Activation of human neutrophils by titanium dioxide (TiO2) nanoparticles

This paper describes the in vitro effects of titanium dioxide (TiO2) nanoparticles (NPs) upon human neutrophils. Kinetic experiments revealed no cell necrosis after 24 h of treatment with TiO2 (0–100 μg/ml). In contrast, TiO2-induced change in cellular morphology in a concentration-dependent manner in neutrophils over time, indicating its potential to activate these cells. To further support this, we demonstrated that TiO2 markedly and rapidly induced tyrosine phosphorylation events, including phosphorylation of two key enzymes, p38 mitogen-activated protein kinase (MAPK) and extracellular signal-regulated kinases-1/2 (Erk-1/2).

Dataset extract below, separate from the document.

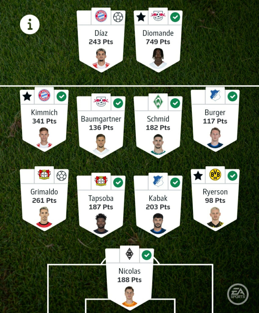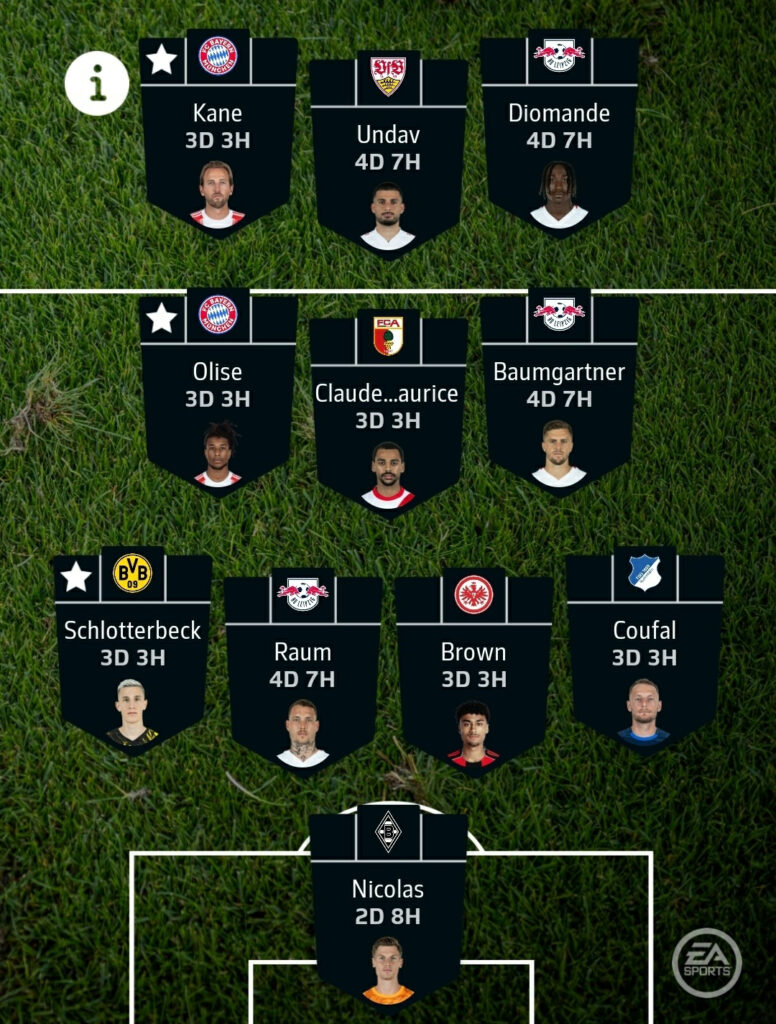 - Forwards: Harry Kane, Deniz Undav & Yan Diomande – Kane should be back for Bayern this weekend, so he returns straight to my team as well. However, Luis Díaz could be benched, which might force me into a transfer there. Undav remains in red-hot form, so it could finally be time to bring him in. Alternatively, I might take a punt on a Frankfurt forward such as Jonathan Burkardt or Jean-Matteo Bahoya.

We also determined the effects of TiO2 on two neutrophil functions requiring a longer exposure period between NPs and cells: apoptosis and cytokine production. Interestingly, at concentrations ⩾20 μg/ml, TiO2 inhibited neutrophil apoptosis in a concentration-dependent manner after 24 h of treatment. Supernatants from TiO2-induced neutrophils were harvested after 24 h and tested for the presence of 36 different analytes (cytokines, chemokines) using an antibody array assay. TiO2 treatment increased production of 13 (36%) analytes, including IL-8, which exhibited the greatest increase (∼16 × control cell levels). The increased production of IL-8 was confirmed by ELISA. We conclude that TiO2 exerts important neutrophil agonistic properties in vitro.